» **Supplied entries**:
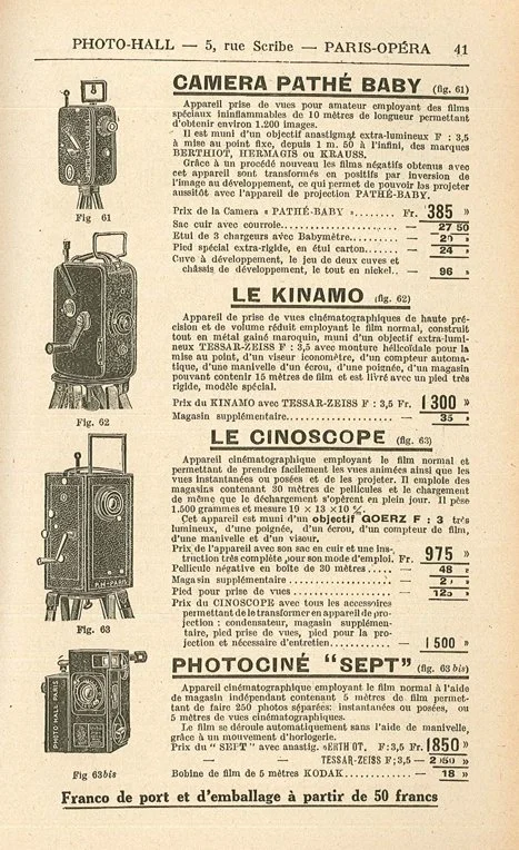 The early 1920s saw a wave of compact camera development across Europe, each manufacturer chasing the same goal — a smaller, more portable camera for the growing amateur market. In Germany, Arnold & Richter was developing their first camera, the Kinarri 35mm, a compact round-bodied design that would lay the groundwork for what eventually became the Arriflex. In Paris, André Debrie had introduced the Sept 35mm — a clockwork-driven camera so compact it nearly fit a coat pocket, and capable of doubling as a still camera, projector, and enlarger. Yet another compact French entry was the spectacular Établissements A. Bourdereau Cinex 35mm. Also in France, Syndicat Industriel introduced the Le Cinoscope, a dual-purpose camera-projector aimed squarely at the amateur market and sold in both France and Italy. The Cinoscope arrived just as 16mm and 9.5mm safety film systems were gaining traction with consumers — smaller formats, safer film stock, lower cost. That timing likely hurt it. The camera is relatively scarce today.
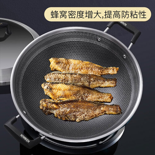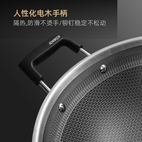 锅体采用蜂窝结构设计,凸凹纹理能均匀分散热量,防止食物粘黏,清洗更方便。锅体经蚀刻工艺处理,耐磨耐用。
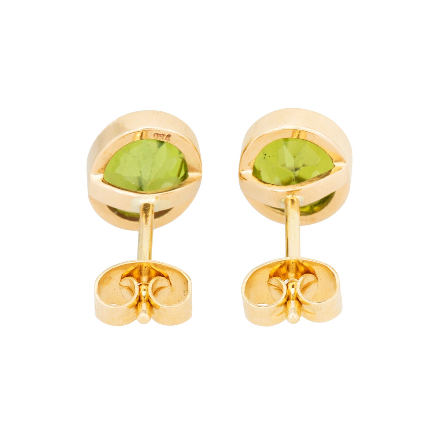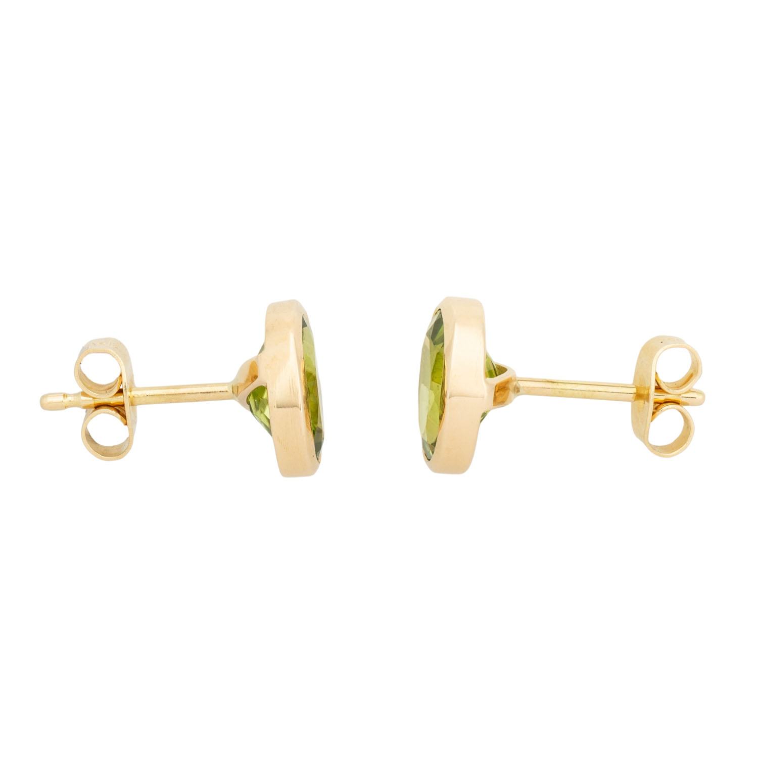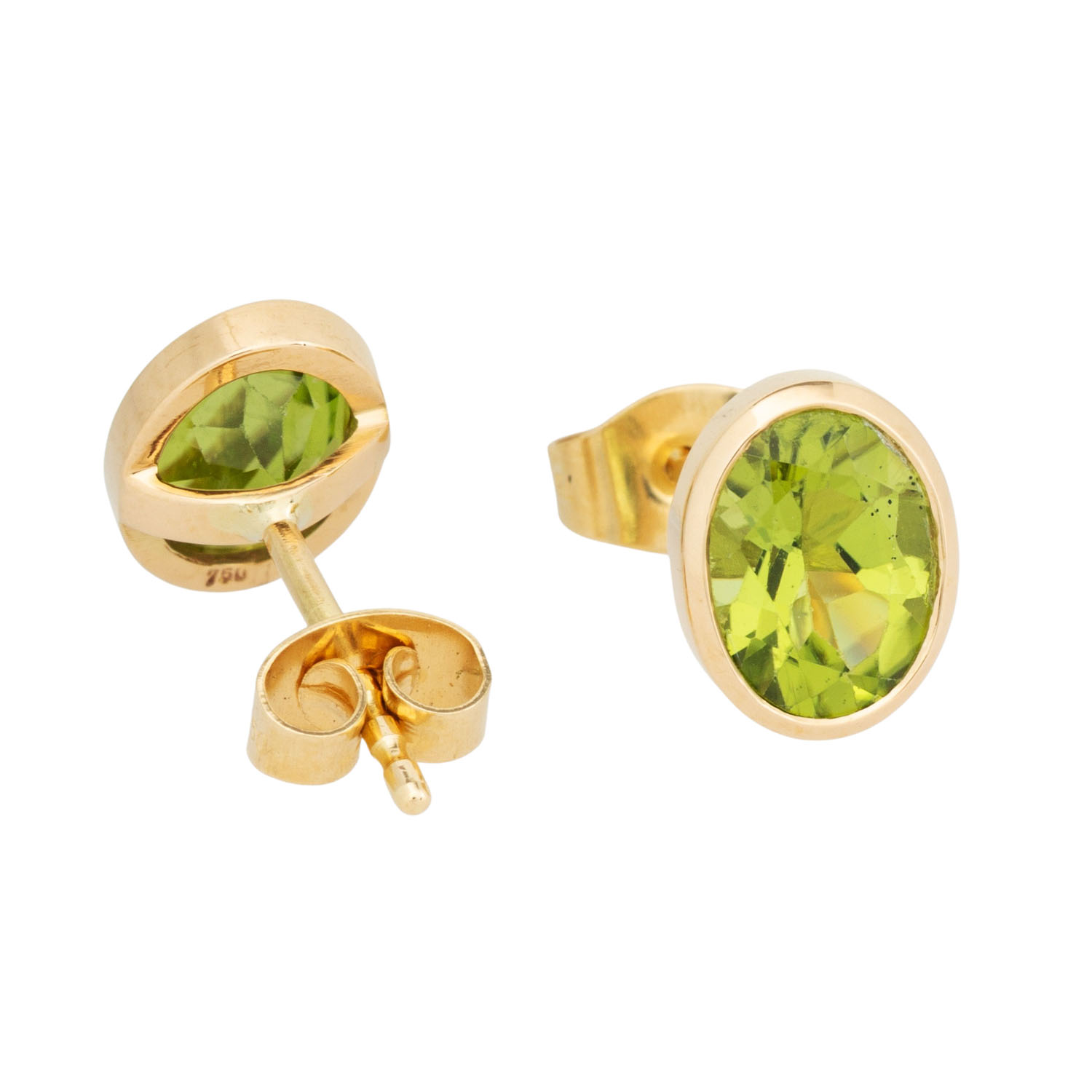 Pair of stud earrings with 2 peridots, total 2,71 ct, YG 18K, 2.5 g, 9.4 x 7.4 mm, 21st century, mint condition.
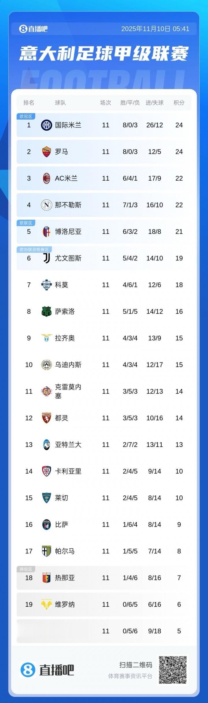 直播吧11月10日讯本赛季意甲11轮战罢,国米与罗马同积24分位列积分榜前两位。
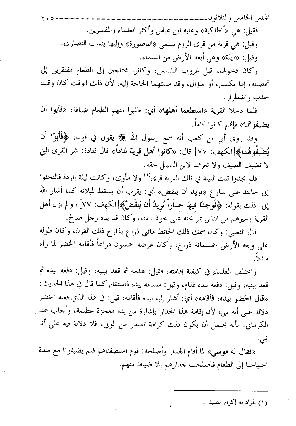 فلم يجدوا تلك الليلة في تلك القرية قرى (¬1) ولا مأوى، وكانت ليلة باردة فالتجئوا إلى حائط على شارع «يريد أن ينقض» أي: يقرب أن يسقط لميلانه كما أشار الله إلى ذلك بقوله: ?فَوَجَدَا فِيهَا جِداَراً يُرِيدُ أَن يَنقَضَّ? [الكهف: 77] ، ولم يزل أهل القرية وغيرهم من الناس يمر تحته على خوف منه، وكان قد بناه رجل صالح.

» **Exercise description**: Go back to the line containing "锅体采用蜂窝结构设计,凸凹纹" and output it and every line after it through the end of the records, exactly, but not the pictures.

» **Written answer**:
 锅体采用蜂窝结构设计,凸凹纹理能均匀分散热量,防止食物粘黏,清洗更方便。锅体经蚀刻工艺处理,耐磨耐用。
 Pair of stud earrings with 2 peridots, total 2,71 ct, YG 18K, 2.5 g, 9.4 x 7.4 mm, 21st century, mint condition.
 直播吧11月10日讯本赛季意甲11轮战罢,国米与罗马同积24分位列积分榜前两位。
 فلم يجدوا تلك الليلة في تلك القرية قرى (¬1) ولا مأوى، وكانت ليلة باردة فالتجئوا إلى حائط على شارع «يريد أن ينقض» أي: يقرب أن يسقط لميلانه كما أشار الله إلى ذلك بقوله: ?فَوَجَدَا فِيهَا جِداَراً يُرِيدُ أَن يَنقَضَّ? [الكهف: 77] ، ولم يزل أهل القرية وغيرهم من الناس يمر تحته على خوف منه، وكان قد بناه رجل صالح.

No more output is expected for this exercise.